Cade (Mark Wahlberg) is a penniless inventor and single father, overly protective of his teenage daughter Tessa (Nicola Peltz). Cade and his annoying sidekick Lucas (T J Miller) buy an old truck, which turns out to be Prime.
At a little under three hours, Age of Extinction makes absolutely no sense whatsoever. Each line of dialogue barely has any connection to the one before. This is most obvious in the CIA scenes, which seem like screenwriter Ehren Kruger has randomly picked lines out of a Tom Clancy novel. The Autobots’ banter is half-baked one liners, and everything Prime says sounds like something out of a fortune cookie.
There are also major problems with coherence and logic, as though the film was made by a bunch of people with Attention Deficit Disorder jacked up on Red Bull, racing to the next cool idea before finishing the previous one.

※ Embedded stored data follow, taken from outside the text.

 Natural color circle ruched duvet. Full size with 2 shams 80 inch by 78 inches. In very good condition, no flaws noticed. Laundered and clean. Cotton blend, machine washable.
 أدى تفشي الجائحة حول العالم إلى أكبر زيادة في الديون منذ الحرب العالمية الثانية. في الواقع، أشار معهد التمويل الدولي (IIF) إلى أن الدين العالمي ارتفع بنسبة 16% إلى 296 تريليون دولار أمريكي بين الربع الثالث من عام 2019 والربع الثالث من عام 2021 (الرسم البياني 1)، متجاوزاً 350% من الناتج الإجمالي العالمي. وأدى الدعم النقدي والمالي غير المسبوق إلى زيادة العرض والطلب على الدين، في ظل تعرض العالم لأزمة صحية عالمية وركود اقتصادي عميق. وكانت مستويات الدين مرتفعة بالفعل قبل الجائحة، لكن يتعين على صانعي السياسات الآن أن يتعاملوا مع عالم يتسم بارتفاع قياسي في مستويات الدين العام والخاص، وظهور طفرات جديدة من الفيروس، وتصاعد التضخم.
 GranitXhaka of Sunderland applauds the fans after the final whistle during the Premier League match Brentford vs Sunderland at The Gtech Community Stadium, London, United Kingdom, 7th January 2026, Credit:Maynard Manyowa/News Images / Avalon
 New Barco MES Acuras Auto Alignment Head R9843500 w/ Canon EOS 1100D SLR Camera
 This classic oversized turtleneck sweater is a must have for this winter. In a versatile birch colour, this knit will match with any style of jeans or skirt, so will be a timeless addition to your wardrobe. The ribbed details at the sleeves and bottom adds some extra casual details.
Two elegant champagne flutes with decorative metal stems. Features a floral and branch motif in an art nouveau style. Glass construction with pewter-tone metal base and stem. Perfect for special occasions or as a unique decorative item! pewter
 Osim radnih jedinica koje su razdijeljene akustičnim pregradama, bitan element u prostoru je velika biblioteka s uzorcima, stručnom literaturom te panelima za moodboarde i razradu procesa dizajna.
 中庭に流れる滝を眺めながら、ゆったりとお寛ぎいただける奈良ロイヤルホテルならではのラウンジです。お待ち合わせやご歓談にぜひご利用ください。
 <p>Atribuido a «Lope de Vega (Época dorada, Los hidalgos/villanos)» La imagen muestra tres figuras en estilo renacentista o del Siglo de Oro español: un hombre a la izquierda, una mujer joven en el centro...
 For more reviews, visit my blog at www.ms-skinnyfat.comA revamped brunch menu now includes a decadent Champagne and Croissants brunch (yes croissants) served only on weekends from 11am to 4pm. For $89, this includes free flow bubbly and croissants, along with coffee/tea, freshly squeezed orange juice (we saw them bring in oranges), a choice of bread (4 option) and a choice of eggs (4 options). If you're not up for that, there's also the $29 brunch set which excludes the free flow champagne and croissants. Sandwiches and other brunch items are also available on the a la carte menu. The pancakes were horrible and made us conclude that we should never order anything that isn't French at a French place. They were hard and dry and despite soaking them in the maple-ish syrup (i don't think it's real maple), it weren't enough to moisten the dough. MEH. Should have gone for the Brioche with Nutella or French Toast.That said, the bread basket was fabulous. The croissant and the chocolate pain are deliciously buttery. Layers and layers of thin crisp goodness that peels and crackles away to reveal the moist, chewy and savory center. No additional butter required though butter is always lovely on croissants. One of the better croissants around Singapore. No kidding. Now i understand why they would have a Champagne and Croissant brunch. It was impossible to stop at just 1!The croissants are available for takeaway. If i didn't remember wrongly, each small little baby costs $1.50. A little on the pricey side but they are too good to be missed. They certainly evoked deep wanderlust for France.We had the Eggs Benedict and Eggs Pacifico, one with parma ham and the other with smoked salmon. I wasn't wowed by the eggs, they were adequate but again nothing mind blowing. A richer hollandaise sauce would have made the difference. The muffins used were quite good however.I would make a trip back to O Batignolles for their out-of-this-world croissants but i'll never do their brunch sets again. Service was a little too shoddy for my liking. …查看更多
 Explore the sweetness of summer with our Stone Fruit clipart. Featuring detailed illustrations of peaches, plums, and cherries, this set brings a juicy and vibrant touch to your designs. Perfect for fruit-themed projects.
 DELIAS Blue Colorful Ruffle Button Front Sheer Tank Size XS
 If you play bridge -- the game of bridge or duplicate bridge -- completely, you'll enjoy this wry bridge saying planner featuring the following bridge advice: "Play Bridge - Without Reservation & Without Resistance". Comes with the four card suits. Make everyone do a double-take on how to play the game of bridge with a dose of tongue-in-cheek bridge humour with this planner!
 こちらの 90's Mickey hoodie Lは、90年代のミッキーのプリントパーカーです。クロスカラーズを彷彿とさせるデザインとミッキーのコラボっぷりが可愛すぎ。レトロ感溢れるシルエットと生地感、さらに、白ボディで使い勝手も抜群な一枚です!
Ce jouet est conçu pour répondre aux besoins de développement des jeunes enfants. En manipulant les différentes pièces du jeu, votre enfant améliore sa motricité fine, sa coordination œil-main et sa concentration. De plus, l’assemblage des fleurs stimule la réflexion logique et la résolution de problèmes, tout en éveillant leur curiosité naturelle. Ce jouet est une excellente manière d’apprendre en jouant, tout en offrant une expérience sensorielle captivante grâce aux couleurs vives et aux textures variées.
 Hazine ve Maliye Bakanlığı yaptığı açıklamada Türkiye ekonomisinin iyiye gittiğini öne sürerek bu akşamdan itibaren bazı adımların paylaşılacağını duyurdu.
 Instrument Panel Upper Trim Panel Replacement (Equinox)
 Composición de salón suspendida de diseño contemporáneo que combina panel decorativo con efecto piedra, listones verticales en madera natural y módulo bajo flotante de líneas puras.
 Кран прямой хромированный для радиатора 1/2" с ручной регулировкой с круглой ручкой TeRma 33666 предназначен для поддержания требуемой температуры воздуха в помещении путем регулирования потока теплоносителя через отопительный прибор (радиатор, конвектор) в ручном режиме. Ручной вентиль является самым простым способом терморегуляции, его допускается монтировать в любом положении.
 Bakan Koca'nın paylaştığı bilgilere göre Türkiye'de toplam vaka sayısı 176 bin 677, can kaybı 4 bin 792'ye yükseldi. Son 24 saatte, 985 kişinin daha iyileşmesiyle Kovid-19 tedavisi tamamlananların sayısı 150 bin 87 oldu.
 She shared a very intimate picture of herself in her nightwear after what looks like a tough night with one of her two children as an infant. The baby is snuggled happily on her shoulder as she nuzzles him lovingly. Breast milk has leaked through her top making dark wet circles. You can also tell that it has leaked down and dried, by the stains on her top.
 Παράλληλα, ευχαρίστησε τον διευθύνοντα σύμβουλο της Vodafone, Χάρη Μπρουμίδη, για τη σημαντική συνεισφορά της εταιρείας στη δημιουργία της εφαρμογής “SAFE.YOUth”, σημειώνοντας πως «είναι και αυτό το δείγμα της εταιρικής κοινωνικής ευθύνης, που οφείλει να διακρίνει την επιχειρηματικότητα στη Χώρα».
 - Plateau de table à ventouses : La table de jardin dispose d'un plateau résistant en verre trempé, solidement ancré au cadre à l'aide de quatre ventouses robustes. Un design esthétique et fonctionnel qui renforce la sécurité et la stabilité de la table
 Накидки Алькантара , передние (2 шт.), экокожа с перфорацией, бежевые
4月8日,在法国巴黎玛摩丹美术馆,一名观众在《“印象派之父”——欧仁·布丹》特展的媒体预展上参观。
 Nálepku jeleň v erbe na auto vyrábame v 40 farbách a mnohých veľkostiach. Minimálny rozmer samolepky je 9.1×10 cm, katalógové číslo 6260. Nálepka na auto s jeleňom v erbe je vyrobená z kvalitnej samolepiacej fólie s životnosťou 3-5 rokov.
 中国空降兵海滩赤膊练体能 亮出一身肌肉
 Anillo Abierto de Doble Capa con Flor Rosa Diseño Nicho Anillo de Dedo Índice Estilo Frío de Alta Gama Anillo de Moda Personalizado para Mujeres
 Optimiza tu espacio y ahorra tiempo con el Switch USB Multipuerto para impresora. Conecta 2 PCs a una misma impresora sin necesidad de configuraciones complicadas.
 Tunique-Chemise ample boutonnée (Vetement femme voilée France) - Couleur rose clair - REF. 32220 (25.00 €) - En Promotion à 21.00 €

We drop into fights which we didn’t see start, while other incidents fall off the page without a resolution. Characters disappear and reappear, and it is difficult to tell who is doing what and why.
Bay’s movies have received this type of criticism throughout his career. Critics love battering his films, although criticism is almost redundant – despite poor reviews, he is one of the highest grossing filmmakers of all time. Bay makes films for teens, his films make a ton of money, so who cares if middle-aged film critics don’t like them?
Age of Extinction is in two parts. The first plays like a parody of Michael Bay movies. The cars are fast and the girls are hot; sinister CIA agents wearing shades emerge from black jeeps in slow motion; Bay frames everyone from extreme low angles against big skies; the star-spangled banner flutters in almost every shot. Anything can explode at any time.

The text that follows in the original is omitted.